>>>

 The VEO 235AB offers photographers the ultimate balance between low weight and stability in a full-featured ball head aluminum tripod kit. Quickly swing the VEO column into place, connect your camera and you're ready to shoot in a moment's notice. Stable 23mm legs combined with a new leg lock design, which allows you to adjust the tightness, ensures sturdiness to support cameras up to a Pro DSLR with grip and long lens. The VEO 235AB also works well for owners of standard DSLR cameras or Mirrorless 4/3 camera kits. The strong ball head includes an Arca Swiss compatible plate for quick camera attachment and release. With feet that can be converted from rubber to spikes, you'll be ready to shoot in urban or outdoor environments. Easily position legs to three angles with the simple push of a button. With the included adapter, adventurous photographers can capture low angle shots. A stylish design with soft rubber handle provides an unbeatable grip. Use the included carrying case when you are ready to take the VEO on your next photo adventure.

<<<
>>>

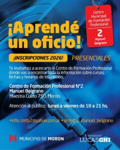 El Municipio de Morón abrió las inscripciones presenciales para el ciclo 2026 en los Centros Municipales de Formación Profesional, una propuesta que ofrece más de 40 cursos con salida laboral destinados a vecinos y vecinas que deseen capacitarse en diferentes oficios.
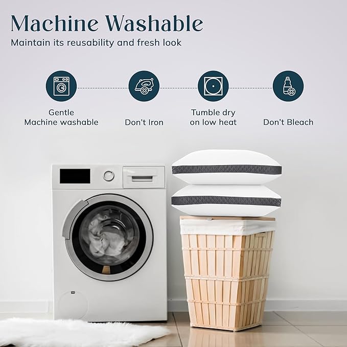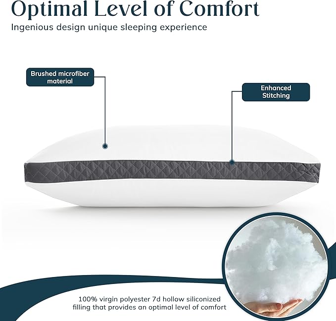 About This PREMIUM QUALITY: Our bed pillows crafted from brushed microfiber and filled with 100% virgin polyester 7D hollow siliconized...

<<<

Prompt
Beginning with the line that contains "El Municipio de" and ending with the line that contains "About This PREMIUM", reproduce the listing exactly, pictures excluded.

Solution to the exercise
 El Municipio de Morón abrió las inscripciones presenciales para el ciclo 2026 en los Centros Municipales de Formación Profesional, una propuesta que ofrece más de 40 cursos con salida laboral destinados a vecinos y vecinas que deseen capacitarse en diferentes oficios.
 About This PREMIUM QUALITY: Our bed pillows crafted from brushed microfiber and filled with 100% virgin polyester 7D hollow siliconized...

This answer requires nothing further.